#### [Work required]
Every line of the records below from the line with "De Apiales 6" up to and including the line with "강수연의 이름을 소환했다." must be reproduced exactly, and no line outside that range.

#### [Data records]
-*-*-
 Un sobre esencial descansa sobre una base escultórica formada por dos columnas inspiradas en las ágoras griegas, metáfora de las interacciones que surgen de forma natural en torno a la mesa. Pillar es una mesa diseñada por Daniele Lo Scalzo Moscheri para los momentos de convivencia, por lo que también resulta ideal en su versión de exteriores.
-*-*-
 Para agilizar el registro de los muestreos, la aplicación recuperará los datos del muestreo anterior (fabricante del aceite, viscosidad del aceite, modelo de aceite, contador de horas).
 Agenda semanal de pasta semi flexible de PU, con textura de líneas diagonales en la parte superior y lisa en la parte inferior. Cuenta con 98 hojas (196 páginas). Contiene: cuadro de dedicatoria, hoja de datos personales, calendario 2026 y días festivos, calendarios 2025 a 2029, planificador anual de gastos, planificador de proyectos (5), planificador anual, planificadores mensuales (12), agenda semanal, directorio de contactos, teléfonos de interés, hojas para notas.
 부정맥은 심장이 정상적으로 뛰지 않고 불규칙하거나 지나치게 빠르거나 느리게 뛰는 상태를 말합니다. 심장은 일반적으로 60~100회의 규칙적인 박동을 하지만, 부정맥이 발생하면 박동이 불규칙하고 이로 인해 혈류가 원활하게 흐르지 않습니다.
-*-*-
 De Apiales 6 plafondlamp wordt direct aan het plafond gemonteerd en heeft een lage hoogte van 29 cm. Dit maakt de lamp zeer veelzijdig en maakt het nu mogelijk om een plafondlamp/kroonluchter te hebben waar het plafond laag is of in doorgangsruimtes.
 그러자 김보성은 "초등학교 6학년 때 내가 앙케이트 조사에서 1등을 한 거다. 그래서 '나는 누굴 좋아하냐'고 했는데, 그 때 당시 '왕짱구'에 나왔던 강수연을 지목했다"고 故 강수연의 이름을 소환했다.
-*-*-
#### [Solution]
 De Apiales 6 plafondlamp wordt direct aan het plafond gemonteerd en heeft een lage hoogte van 29 cm. Dit maakt de lamp zeer veelzijdig en maakt het nu mogelijk om een plafondlamp/kroonluchter te hebben waar het plafond laag is of in doorgangsruimtes.
 그러자 김보성은 "초등학교 6학년 때 내가 앙케이트 조사에서 1등을 한 거다. 그래서 '나는 누굴 좋아하냐'고 했는데, 그 때 당시 '왕짱구'에 나왔던 강수연을 지목했다"고 故 강수연의 이름을 소환했다.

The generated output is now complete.